Когда я вошел в приемный зал, Степан Степаныч принимал просителей. Наружность у него именно такая, какую следует иметь начальнику. Он высок ростом и прям, руки держит сложенными назад, и надо, mon cher, видеть (ты расскажи это Каролине Карловне), как он распекает этих несчастных чиновников! Один из них до того даже сконфузился, что попросился выйти. Признаюсь, и я немножко обробел, когда он обратился ко мне с вопросом: "Вы кто такой?" Я, как и водится, объяснил ему, что я дворянин, не служить не могу, что наслышан много об его начальнической справедливости и т. д. Но все это было, кажется, напрасно, потому что дело объяснилось гораздо проще, как только я подал ему письмо Каролины Карловны. "А! это совсем другая речь!" -- сказал он, улыбаясь, и начал читать тут же. Мне показалось, что он даже как-то особенно сделался весел, когда дошел до того места, которое, если ты не забыл, начинается словами: pendant deux ans monsieur de Wologchanine a fait son possible pour me distraire {в течение двух лет господин Вологжанин делал все, что мог, чтобы развлечь меня.} и т. д. Он, кажется, воображает, что я и бог знает в каких коротких был отношениях с Каролиной Карловной... впрочем, мне что за дело -- пусть думает! И конечно, я не спешил разубедить его!
-- К сожалению, -- сказал он мне, прочитавши письмо, -- в настоящее время я не могу доставить вам то место, какое вы ищете, но я вам дам другое назначение... я надеюсь, что Каролина Карловна останется мною довольна...
И он назвал мне такое место, об котором я даже и мечтать не мог!.. Место благороднейшее, mon cher, на котором даже работать самому ничего не нужно, а только выслушивать да "полагать": я, дескать, полагаю вот так-то, а вы там как знаете.
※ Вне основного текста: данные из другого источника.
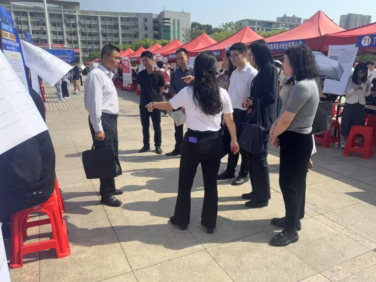 本次招聘会聚焦材料科学与工程、电子信息、汉语言文学、行政管理等学科领域,提供岗位500余个,覆盖技术研发、智能制造、信息技术应用、教育培训、文化创意等多个行业方向。吸引了600余名学生前来应聘,初步达成就业意向的有200余人。招聘会现场气氛活跃,毕业生们手持简历穿梭于各企业展位,与企业代表就岗位要求、职业发展、薪资待遇等展开深入交流。

А принадлежности этого места самые великолепные: кроме жалованья, тысяч десять рублей, et comme de raison {и разумеется.} на первом плане откупщик. Нет, да ты представь себе мою радость! Едучи сюда, я решался даже на взятки для поправления обстоятельств, и вдруг мне предлагают такое место, на котором я самым благородным образом буду получать (с жалованьем) никак не менее пятнадцати тысяч рублей!..
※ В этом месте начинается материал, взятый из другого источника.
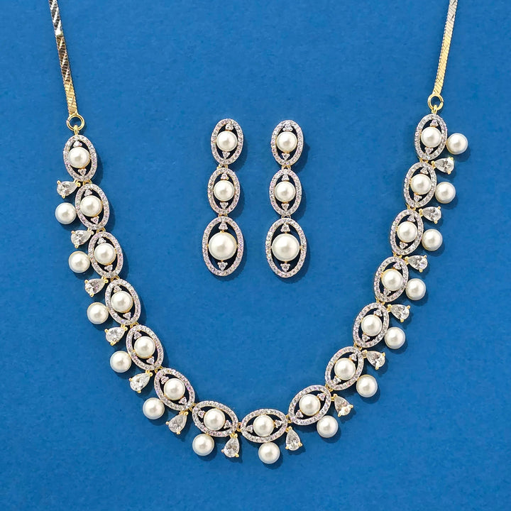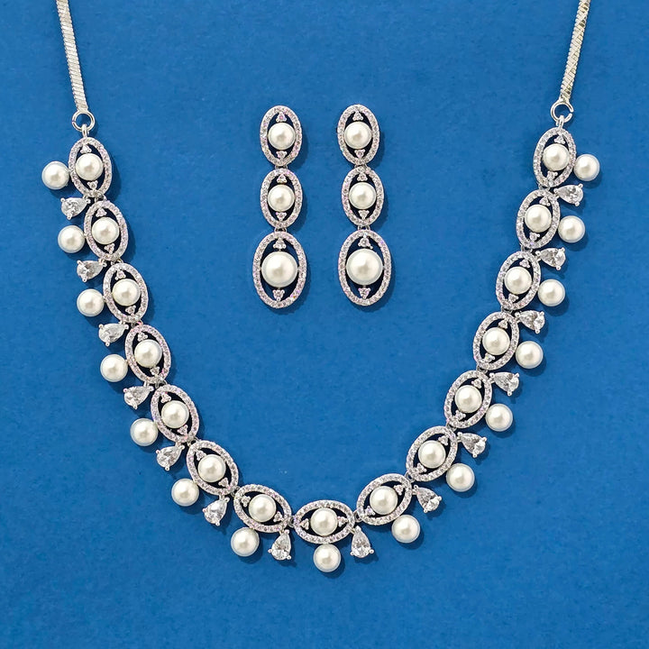 Weight: 40.0 Grams, Earring Height = 45 mm || Width = 11 mm,Regular Size And Adjustable,Bollywood Look,2 Tone Plating,Rhodium Plating,American Diamond Necklace Set

Разумеется, я рассыпался в благодарностях. Только Степан Степаныч сказал мне тут же, что окончательное утверждение меня в предполагаемой должности зависит не от него, а следовательно, пусть уж Каролина Карловна довершит свое благодеянье и попросит кого следует... Представление об этом пошло вчерашнего числа за No 28793 (по этому числу нумеров уже можешь судить, какова неутомимая деятельность Степана Степаныча: к концу года, говорят, доходит до семидесяти пяти тысяч!)... Ах да, скажи, скажи же ты Каролине Карловне, что, при одном воспоминании об ней, все внутренности мои поднимаются вверх от благодарности! что я готов последнюю каплю крови пролить за нее! что ей стоит только сказать: "Умри, Jean!" -- и я умру без малейшего ропота! что есть здесь рыба белорыбица и рыба осетрина, которую самые большие аристократы в Петербурге только по праздникам кушают, и я эту рыбу ей непременно пришлю, на почтовых пришлю, чтоб она могла сказать всем и каждому, что вот и в Крутогорске есть сердце, которое пламенеет к ней признательностью! Скажи же ей все это.
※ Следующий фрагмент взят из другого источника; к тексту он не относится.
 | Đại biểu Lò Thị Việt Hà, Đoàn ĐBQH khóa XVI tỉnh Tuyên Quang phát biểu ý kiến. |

Разумеется, я познакомился и с Дарьей Михайловной (супругой Степана Степаныча). Эта женщина, скажу я тебе, такого рода, что даже и в Петербурге играла бы важную роль. Какой бюст, какие плечи -- пальчики оближешь! Признаюсь тебе, мне стало как-то неловко за обедом, когда я сидел подле нее. Воображаю себе, что сделалось бы с тобою, который, по природе своей, сладострастнее всякой жабы! И знаешь, при этой красоте, есть еще у нее эта manière d'être {манера держаться.}, которая еще более голову отуманивает! Здешняя молодежь от нее без ума; особливо есть тут один помещик Загржембович -- кругленький, как булочка, и так же с боков подрумяненный, -- так он даже до смешного доходит. Станет перед ней на колени (разумеется, в то время, когда Степан Степаныч отсутствует)... Преприятный человек!
О других сделанных мною здесь знакомствах я тебе еще не пишу, потому что не мог до сих пор порядочно осмотреться. Могу только сказать, что петербургский фрак мой произвел на всех самое приятное впечатление... вот что значит быть прилично одетым! явись я в какой-нибудь мочалке, кто же бы захотел обратить на меня внимание!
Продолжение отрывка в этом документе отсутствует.